Distributed Systems

Consistent Hashing

Цели урока

  • Explain why hash % N destroys the cache on any cluster size change
  • Describe the hash-ring mechanism and O(log N) key lookup
  • Understand the role of virtual nodes in balancing load across heterogeneous servers
  • Know how replication layers on top of consistent hashing
  • Distinguish when to apply Consistent Hashing, Jump Hash, or Maglev

Предварительные знания

  • Hash functions: hashing, collisions, uniform distribution
  • Basic data structures: TreeMap / SortedSet, ceiling operation
  • Cluster basics: nodes, replication, fault tolerance

Adding one server to a 99-node cache cluster invalidates 99 percent of the cache - if the routing rule is hash mod N. Karger's 1997 fix was disarmingly simple: put the keys and the servers on the same circle, route each key clockwise to the nearest server, and only 1/N of the keys ever move. That single idea now runs Cassandra, DynamoDB, Discord's chat, and every CDN.

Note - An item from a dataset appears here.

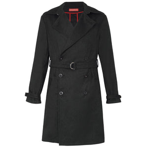 Based on an Italian trench coat from the 1970s, we chose an Italian base over an English one as we felt it had more swagger and was more contemporary with the wider wrap. We made a proper closing lapel and neck with a single wide throat hook to keep the elements out. Featuring a belted waist and sleeves with double "D" rings, these are superior in our opinion to the pronged belt and eyelets, which are more cumbersome, the eyelets tend to unravel and the belt prong tends to get bent or worse comes off.

  • **Cassandra**: 256 vnodes per node by default; adding a node moves ~1/N of the data in parallel from every existing node.
  • **Discord**: 4 billion messages per day routed through a consistent-hashing cluster of Cassandra and ScyllaDB nodes; node replacements are non-events for users.
  • **Akamai CDN**: the original consistent-hashing customer in 1998 - the same algorithm now routes traffic across hundreds of thousands of edge servers worldwide.

Historical context

In 1997, David Karger and colleagues at MIT published 'Consistent Hashing and Random Trees' at STOC. The paper arose from a practical crisis: Akamai was building one of the first large-scale CDNs and modulo hashing was unusable - every server addition required rehashing the entire cache. Karger's insight was to map both servers and keys onto a shared integer ring so that adding a server moves only the keys between it and its predecessor. Amazon adopted this for Dynamo in 2007; Cassandra, Discord, and Redis Cluster use variants today.

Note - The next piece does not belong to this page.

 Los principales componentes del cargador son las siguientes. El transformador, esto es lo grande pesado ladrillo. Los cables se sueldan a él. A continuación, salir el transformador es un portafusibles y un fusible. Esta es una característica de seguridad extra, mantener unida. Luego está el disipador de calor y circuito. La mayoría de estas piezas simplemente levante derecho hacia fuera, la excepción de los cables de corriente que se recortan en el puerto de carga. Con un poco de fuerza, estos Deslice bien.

The problem: hash % N breaks the cache

The naive approach to distributing keys across N servers is `hash(key) % N`. This works fine until the cluster size changes. Adding or removing even one server changes N, and nearly all keys map to different servers. For a cache cluster, this means a mass cache miss storm - every evicted key hits the database at once.

**Real cost of modulo remapping**: Discord switched from a Redis cluster with modulo routing to consistent hashing after a scale-out event caused a cascade of cache misses that propagated into database overload. Cassandra, DynamoDB, and Redis Cluster all use consistent hashing specifically to avoid this failure mode.

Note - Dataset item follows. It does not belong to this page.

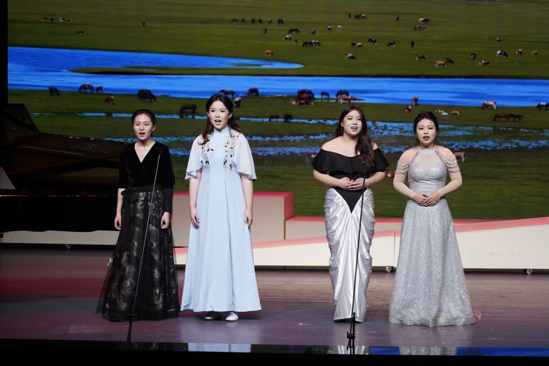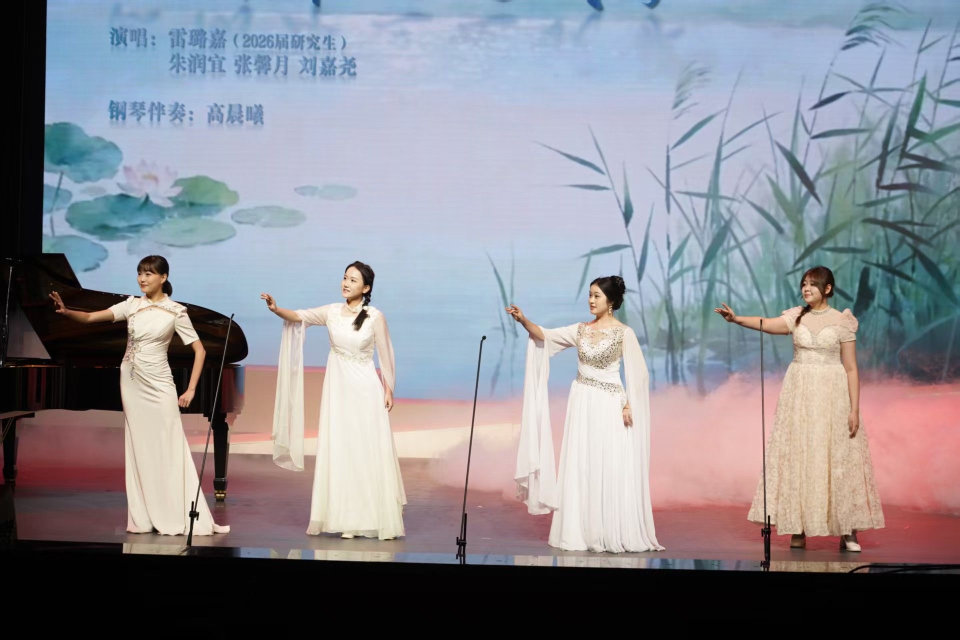 上半场,学生们演绎了多首风格多样的声乐作品。各声部旋律在舞台上交织共鸣,既体现出学生们扎实的专业功底与音乐理解力,也展现了他们在长期学习和舞台实践中形成的默契配合。

hash % N is a fine default; the cache just reloads for a few seconds.

In a production cluster of 100+ nodes this becomes minutes of degradation with 10x load on the database on every cluster change.

A node crash is also a change in N. When one server out of 100 dies, all 100 nodes start receiving remapped keys at the same time. It happens at the worst possible moment, when the system is already under stress from the failure.

A cache cluster of 99 servers is expanded to 100. How many keys change their assigned server when using hash % N?

Hash ring: keys go to the nearest node

Consistent hashing maps both servers and keys onto a circular space of integers (the 'ring'). Each key is assigned to the first server clockwise from its position. When a server is added, only the keys between it and its predecessor move. When a server is removed, only its keys move - to the next server clockwise. On average, only `1/N` of all keys move for any single cluster change.

**MurmurHash3** is the hash function of choice for consistent hashing implementations (Cassandra, Guava ConsistentHashFunction). It distributes keys uniformly across the ring and is fast - no cryptographic overhead. MD5 or SHA-1 would also distribute well but are slower than necessary for non-security purposes.

A cluster has 5 nodes on a hash ring. One node fails. Which keys are affected?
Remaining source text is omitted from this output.